» **Task directions**
Write out every entry exactly as it appears, omitting the pictures.

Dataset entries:

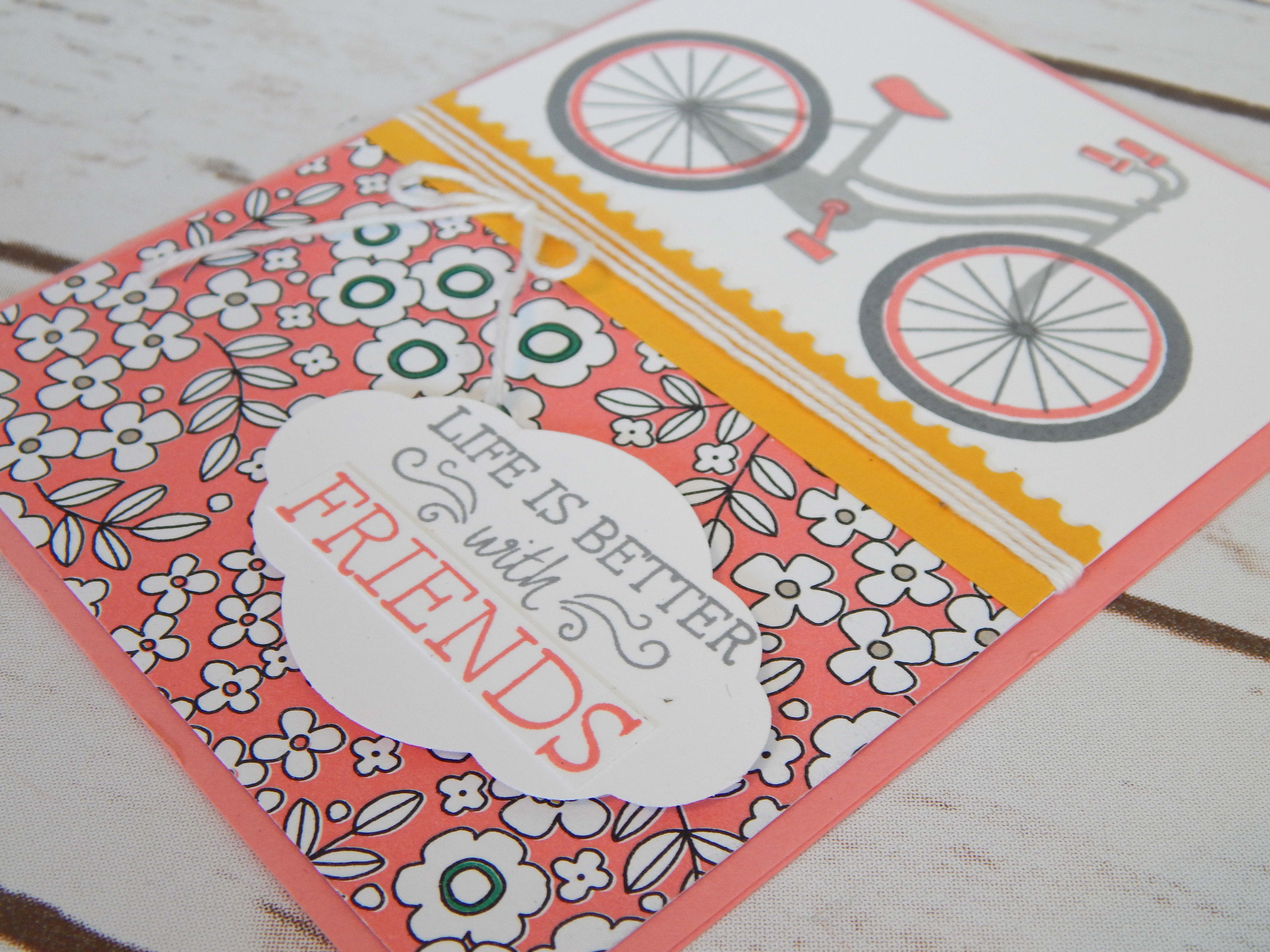 How cute it this new stamp set called BIKE RIDE? I made this when I was in Wyoming visiting my friend Barb. We had a blast creating a bunch of cards with preorder items from the new catalog. I didn't have the matching BUILD A BIKE FRAMELITS when I made this one or I would have put the cute little basket die cut on it…but it's still adorable – don't you think?
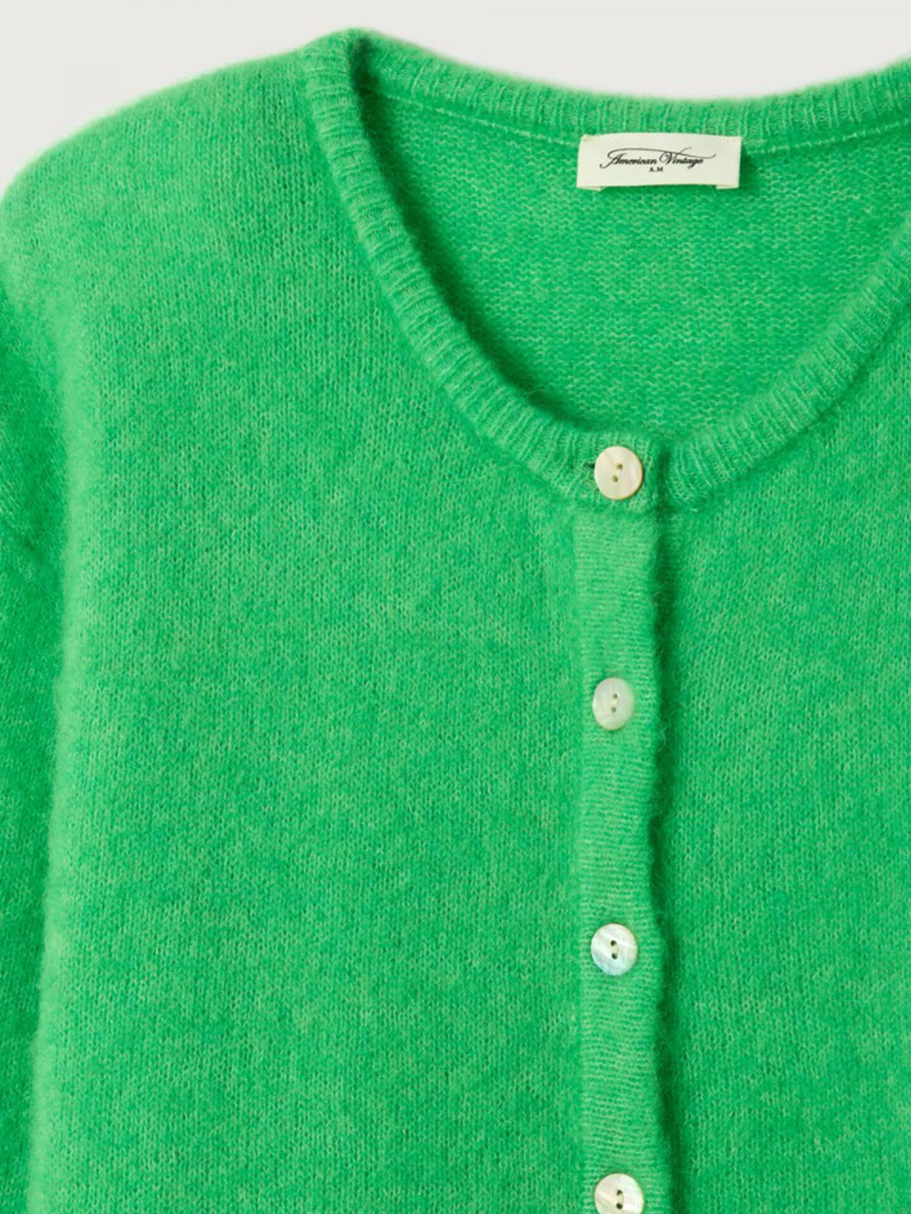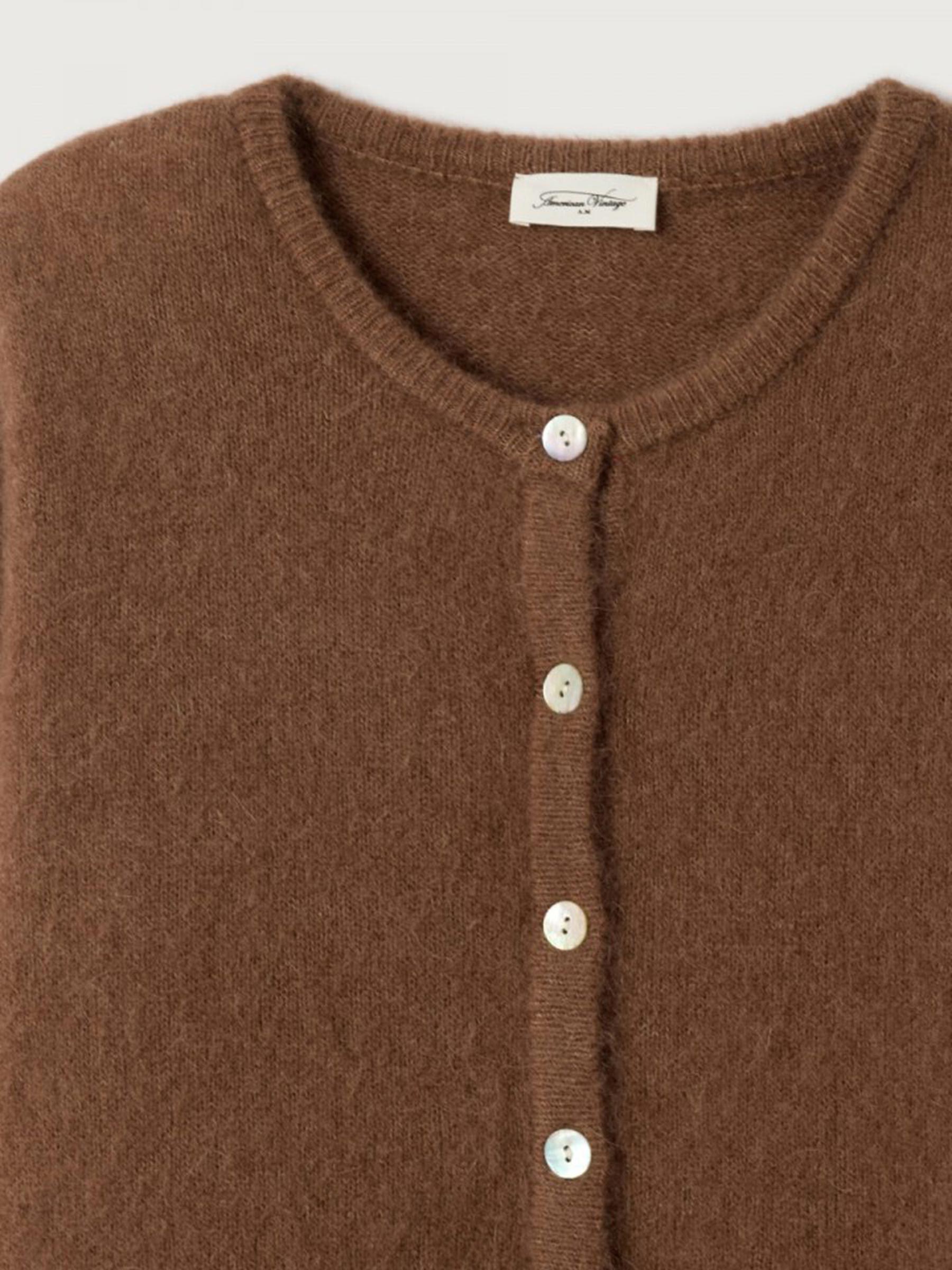 Dit gebreide vest van American Vintage is zo’n fijn basisitem dat altijd werkt. Zacht, licht en comfortabel, met een knoopsluiting en een tijdloos silhouet dat je makkelijk combineert met alles in je kast. Draag hem dicht als trui of open over een top voor een relaxed look.
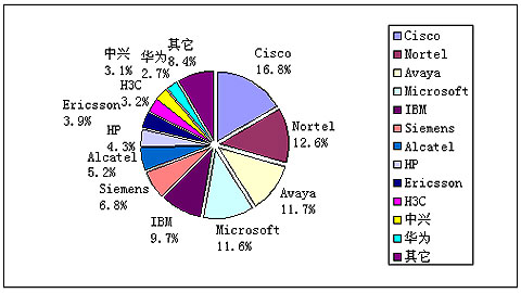 賽迪顧問預(yù)測,2009年中國統(tǒng)一通信市場中,在通信設(shè)備領(lǐng)域,Cisco市場份額將達到16.8%,繼續(xù)保持領(lǐng)頭樣的位置,而且市場份額有望繼續(xù)增加,Nortel和Avaya緊隨其后,市場份額分別將達到12.6%和11.7%。而在軟件廠商方面,Microsoft和IBM將繼續(xù)保持市場領(lǐng)先地位,市場份額分別將達到11.6%和9.7%,增長勢頭強勁。其它市場份額較大的國外統(tǒng)一通信廠商還有西門子、阿爾卡特、愛立信、HP等。在國內(nèi)方面,中興和H3C分別以約3%的市場份額占據(jù)領(lǐng)先位置。
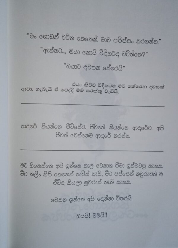 රිදුන බව නොම අඟවමි බැරිවෙලාවත් කොතනකදිවත් ” ආදරේදැ ? ” යි නොඅසමි
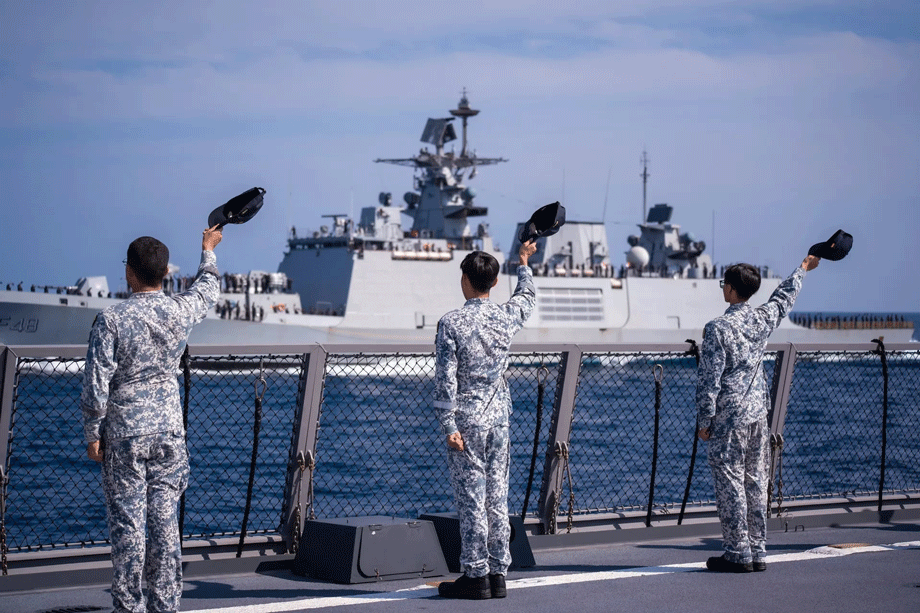 RSN personnel aboard RSS Supreme waving to counterparts on INS Satpura during the sail-past. Singapore Navy photo.

» **Written reply**
 How cute it this new stamp set called BIKE RIDE? I made this when I was in Wyoming visiting my friend Barb. We had a blast creating a bunch of cards with preorder items from the new catalog. I didn't have the matching BUILD A BIKE FRAMELITS when I made this one or I would have put the cute little basket die cut on it…but it's still adorable – don't you think?
 Dit gebreide vest van American Vintage is zo’n fijn basisitem dat altijd werkt. Zacht, licht en comfortabel, met een knoopsluiting en een tijdloos silhouet dat je makkelijk combineert met alles in je kast. Draag hem dicht als trui of open over een top voor een relaxed look.
 賽迪顧問預(yù)測,2009年中國統(tǒng)一通信市場中,在通信設(shè)備領(lǐng)域,Cisco市場份額將達到16.8%,繼續(xù)保持領(lǐng)頭樣的位置,而且市場份額有望繼續(xù)增加,Nortel和Avaya緊隨其后,市場份額分別將達到12.6%和11.7%。而在軟件廠商方面,Microsoft和IBM將繼續(xù)保持市場領(lǐng)先地位,市場份額分別將達到11.6%和9.7%,增長勢頭強勁。其它市場份額較大的國外統(tǒng)一通信廠商還有西門子、阿爾卡特、愛立信、HP等。在國內(nèi)方面,中興和H3C分別以約3%的市場份額占據(jù)領(lǐng)先位置。
 රිදුන බව නොම අඟවමි බැරිවෙලාවත් කොතනකදිවත් ” ආදරේදැ ? ” යි නොඅසමි
 RSN personnel aboard RSS Supreme waving to counterparts on INS Satpura during the sail-past. Singapore Navy photo.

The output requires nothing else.